I am thankful God has let me live long enough to learn that relationships are the most important part of life. Now I am trying to live that way. I am not always sucessful but I am improving.

Monday, November 17, 2008

How Do You Look at God's Word? part 5


After having progressed through these 5 shortcuts at least to some extent at one time or another, I have come to view the Bible as a story. A story that is true, not some made up legend or myth. It is a large over-arcing story with many smaller stories, which though separate from each other in time and writership still follow a central theme - God and His relationship with those made in His image.
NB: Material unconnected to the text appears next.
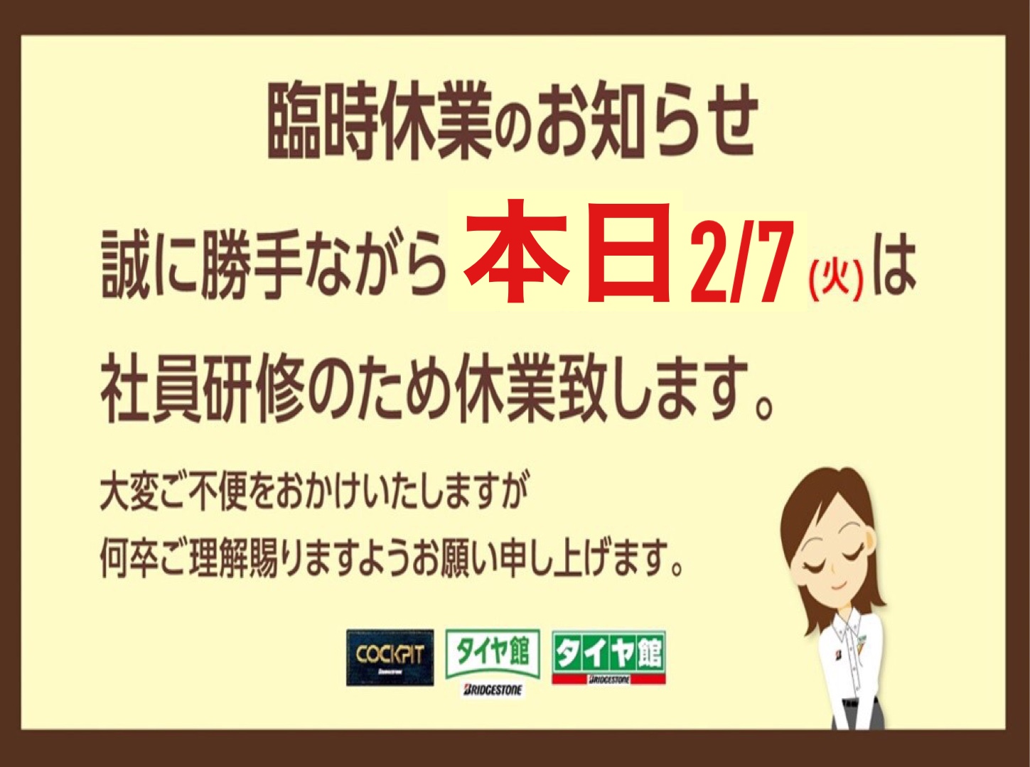 本日は社員研修の為、臨時休業とさせて頂きますm(._.)m

A characteristic of a good story is that it draws its readers into the story and they begin to relate to the characters and the plot. It matters what happens the people in the story and the path of the plot keeps the reader intrigued. It is this relationship with the story and its characters, of which I have become one, that I started using a relational approach to read and study the Bible.
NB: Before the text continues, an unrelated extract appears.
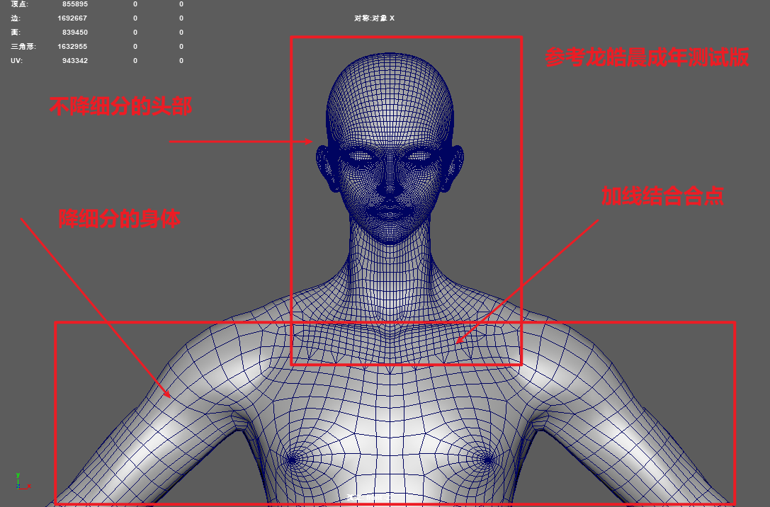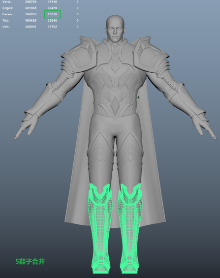 S、A级(包括其衍生版)身体部分需要去ZB后退一个细分等级(重建细分),头部使用高模,结合到一起,用作低模;B、C级身体保持53544个面不需要改变。(注:合并顶点的时候不要使用目标焊接)

Scot Mcknight describes an incident that happened to him early on in his profession that helps explain this concept. Scot says he asked a wise and gentle professor: "What do you teach?" His reply stunned me: "I teach students. What do you teach?" Scot says about 99% of professors when asked that question will give the subject they teach. Good teachers are teaching students a particular subject matter. They are not teaching a subject to students.

There are a couple of points that result from this viewpoint that I want to mention. The first is that the relational approach distinguishes God from the Bible. I don't have a relationship with the paper and ink that make up the Bible, but I have one with God the author. This is an important distinction. It is through these words written in ink on paper that we learn of the love of God and how to love Him in return, but this book is not God. We have many different translations of which most are very good with a few not so good. I may have doubts, or questions about these different versions and there are ones I prefer for study and some just for reading. But my God is unchanging, He is God. He is not subject to the whims of translators. A further example that this distinction is important is the story of the Red Sea crossing during the exodus from Egypt. A person can study for a lifetime trying to figure out if the Red Sea is really the Reed Sea and consequently was not all that deep, or whether a earthquake in the Mediterranean made the crossing possible and never meet God. The story is about God's leading not the Red Sea.
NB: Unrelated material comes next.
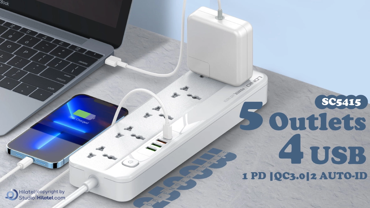 چندراهی برق الدینیو 9 پورت مدل SC5415 انتخابی مناسب برای افرادی است که نیاز به استفاده از چندین دستگاه به صورت همزمان دارند. این پاور استریپ دارای ۵ پریز AC است که امکان اتصال و استفاده از چندین وسیله برقی را به راحتی فراهم می کند.

The second is: the Bible is God's written communication with us. It is similar to a letter I would write to someone I love. The letter is not me, it does not love the person to whom it is addressed but contains words of love from the sender.

Thirdly the relational approach causes me to listen to what God is communicating and to engage in what God is doing.

Scot Mcknight summarizes all this by saying," A relational approach believes our relationship to the Bible is transformed into a relationship with the God who speaks to us in and through the Bible."